Having been acquainted only a couple of months ago, there's not much to Dan, but enough to know the basics: name, age, occupation and bits and bobs of interests. You could confidently classify yourself as a friend to him seeing that none of the older gits that live here didn't give a toss about who he was. So, to make him feel welcome in a particularly unwelcoming block of flats, you introduced yourself as a friendly next door neighbour. And you still uphold that reputation to this day. When you first met him it only took you a couple of seconds to admit to yourself that yeah, he's quite the looker. But that much-relied-upon spark that was created upon meeting didn't have enough power to push you over the borderline of friendship, and therein lies the problem as to why you're nothing more than 'friends'.

Again looking at the clock you begin to ponder why he's awake at such an ungodly hour. Nothing comes to head, but if it's led him to console himself by playing his comforting music, then maybe it's best you check up on him. Yeah. He might need company. Company can't harm anyone, right?
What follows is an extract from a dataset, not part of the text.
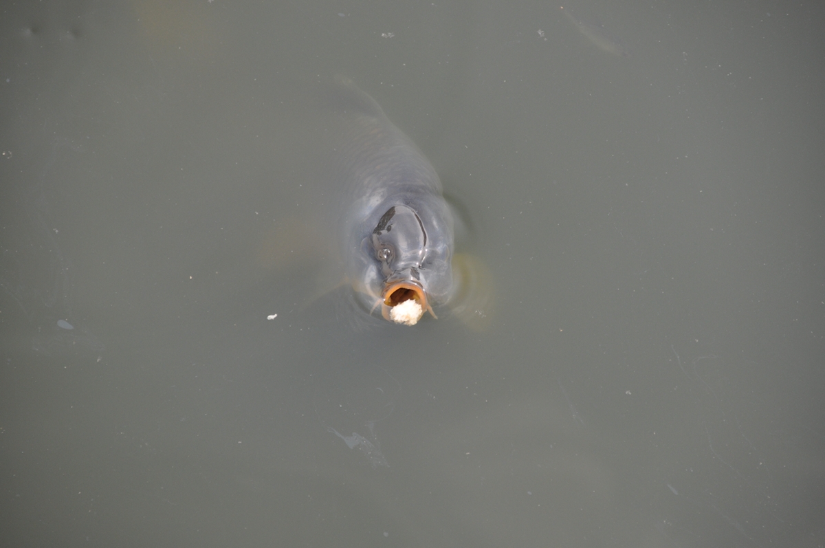 Als de karpers passief in het oppervlak liggen, is het vaak moeilijk om een aanbeet uit te lokken. Zeker als er geen plompen of andere planten in de buurt liggen. Als ze geen beschutting hebben, zijn ze vaak wat bewuster van hun omgeving. Zodoende schrikken ze wat sneller als er ineens een enkele korst in hun blikveld verschijnt! Wat brood of kattenbrokken voeren kan soms helpen om ze actiever te krijgen. Maar zeker graskarpers die de klappen van de zweep kennen, zijn hier niet van gediend! Een oplossing die mij regelmatig wat moeilijk vangbare vissen oplevert, is het vissen net onder het wateroppervlak. Ik schuif mijn dobbertje, zonder lood, op 10-15 cm boven de haak. Afhankelijk van hoe hoog de vissen in het water liggen. Daar komt een vlokje brood aan, ter grootte van een vingernagel. Erg klein dus! Die laat ik dan richting de vissen drijven. Dit wordt vaak niet als gevaarlijk gezien en alsnog gepakt!

Kneeling on your bed with ear pressed flat against the coldness of the crumbling wall, you gently tap a rhythmic beat hoping to be noticed and almost imminently the music comes to you a halt. You can just make out a coherent "ow" as a cluster of noise rumbles from the room beside you as he races towards the wall. Clumsy. Soon you hear an identical beat being communicated back to you and it sends a smile to your lips.

"Hello." His slightly raspy, but prominent voice politely greets.

"Hi." You gently respond, his voice causing excitatory effects on your heart.

"It's way past your bedtime is it not?" You hear his jokingly authoritative tone of his soothing voice vibrate through the walls.

"Can't sleep. What about you?" You loudly whisper back. You press your hand against your wall, wishing that the wall wasn't really there. You hear a deflated sigh and a brief moment of silence as if he is letting the defeat of having no sleep settle in.